= Dave Danford =

British percussionist musician

David Joel Danford (born 19 June 1984) is a British percussionist. He is best known for his work as a classical percussion soloist but has also worked with numerous dance music producers including BBC Radio 1 DJ Judge Jules.

==Education==
Dave studied at the Royal Welsh College of Music & Drama, graduating in 2006. During his studies, he became the first and only percussionist to win the college's annual concerto competition, performing Ney Rosauro's first Concerto for Marimba.

== Career ==
In 2005, Danford commissioned a new work for solo percussion and brass band from English composer Derek Bourgeois. The finished piece was named The Tongs and the Bones, a reference to a scene from Shakespeare's A Midsummer Night's Dream, and was performed with the Cory Band at The Sage Gateshead on November 19, 2005.

=== Studio work ===
In April 2007, Danford released his debut solo album, titled Rhythmic Renaissance, on the Alto Publications label. The CD is a collection of accessible music for solo percussion.
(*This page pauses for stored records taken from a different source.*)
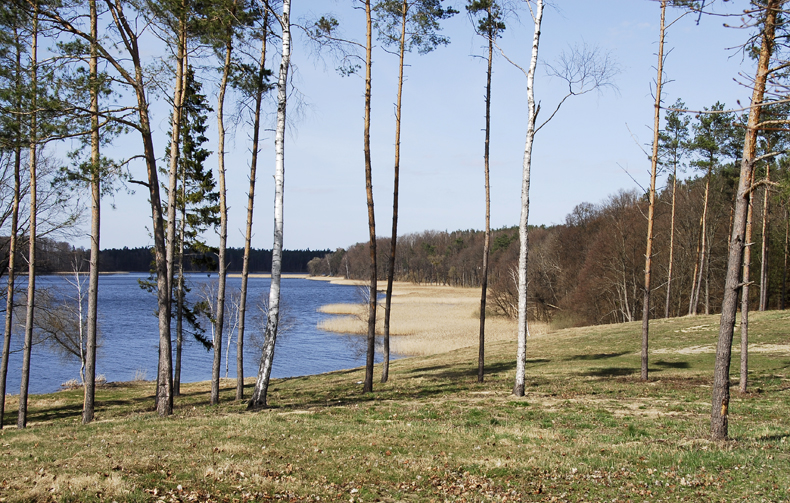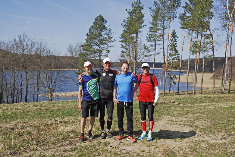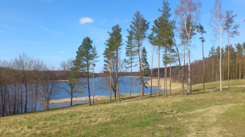 Ruszyliśmy spod leśnej osady Gardzień na lewym brzegu Jezioraka, który nie dość, że jest najdłuższym jeziorem w Polsce, to również jednym z największych (3219 ha). Mało tego, to właśnie na Jezioraku leży największa, śródlądowa wyspa w Europie, czyli Wielka Żuława (pow. 82 ha), gdzie znajdują się również pozostałości staropruskiego grodu. Słonko przygrzewało, a my w sile trzech chłopa tzn. Darek z Iławy, Henryk z Kwidzynia i ja – podążaliśmy wolno do przodu. Wolno bo bałem się powtórki z ostatnich kilometrów dnia wczorajszego, więc wolałem raczej dmuchać na zimne, czyli biec wolno, żeby zanadto nie nadwyrężać cały czas bolącej nogi. Na szczęście Darek i Henryk, to wybitne, biegowe „gaduły” 😊, więc udawało mi się czasem nawet zapominać o dokuczliwej kontuzji.
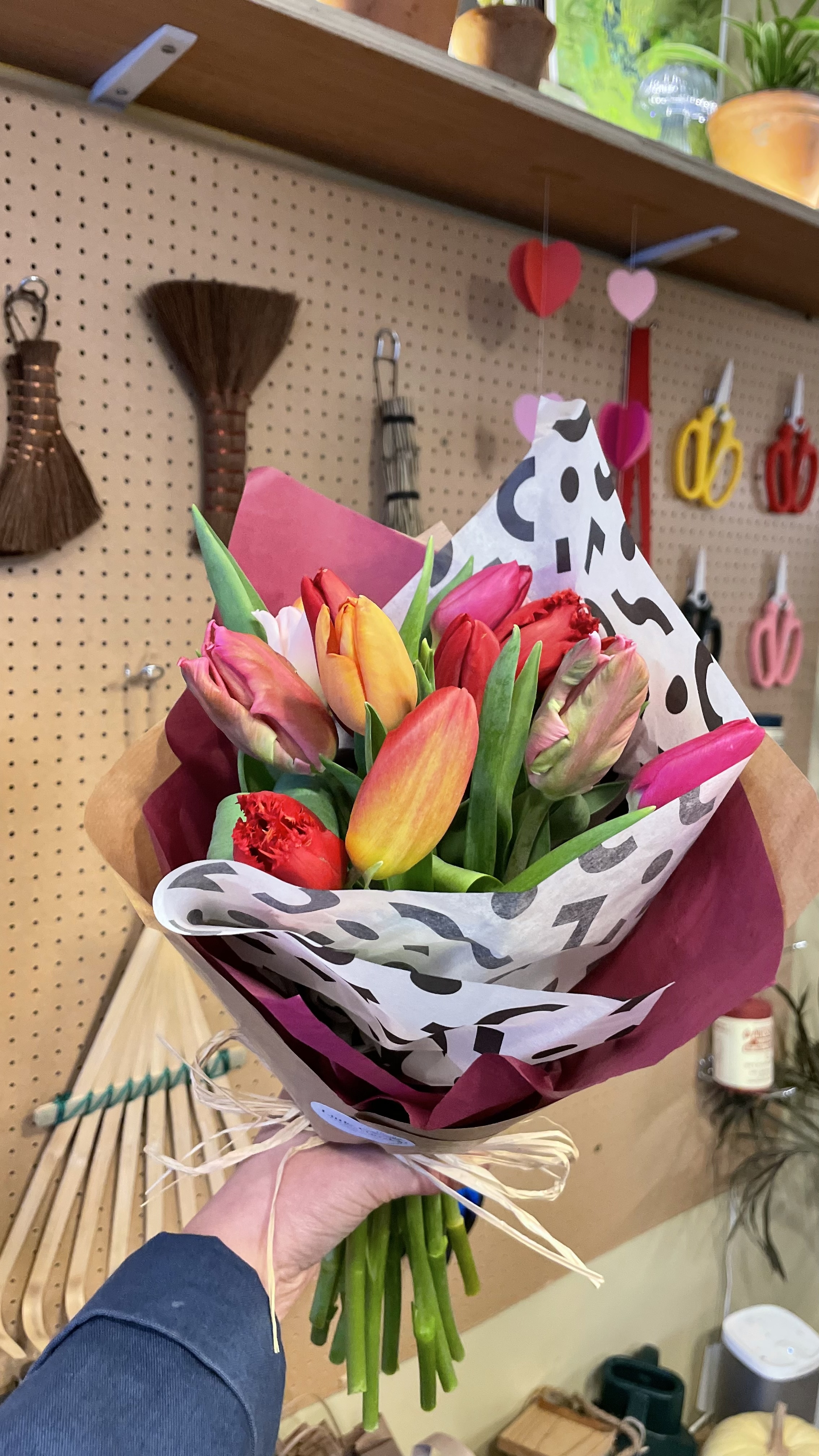 This Mother's Day we're offering a beautifully unique Tulip bouquet for those Spring-loving mums. These bouquets are made up of bright and vibrant British-grown Tulips and will include a mixture of single and special varieties - from double petals, to fringed, and parrot varieties. Wrapped in our extra special gift wrap with artful papers and finished with a silk bow.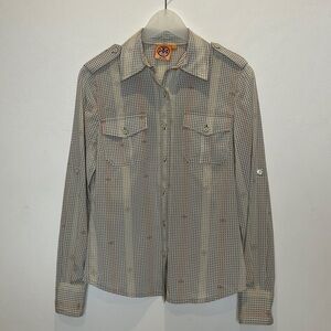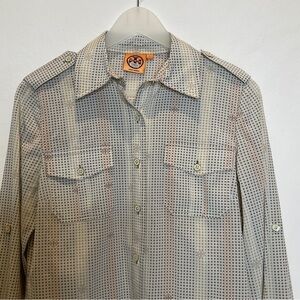 Tory Burch Top in Silk blend with mini dots and all over Tory’s logo print. Academia style.

Dave features on a number of releases as a session musician including marimba on the album All I Want (2009) by Canadian vocal group Aliqua, vibraphone on the Taran album Catraeth (2009), percussion on Ludwig (2007) and Salomé (2009) from composer Charlie Barber, two singles and two albums with Judge Jules, two singles and one album with DT8 Project and over thirty CDs with the Cory Band.

=== Dance music ===
In 2006, Danford recorded tracks with international dance music producer Darren Tate for the DT8 Project single Narama and album Perfect World. In the same year he began working with BBC Radio 1 DJ Judge Jules and had regularly done so since, featuring on the singles Electronic Snare and Judgement Theme (both 2008) and two albums; Proven Worldwide (2006) and Bring the Noise (2009).

Since 2008, Danford has been a member of Welsh dance music collective Taran, performing festival dates throughout the UK and Europe including the Festival Interceltique de Lorient, one of the world's biggest Celtic music events. The band released their first album Catreath in March 2009, their second album Hotel Rex in March 2011, and new music in May 2018.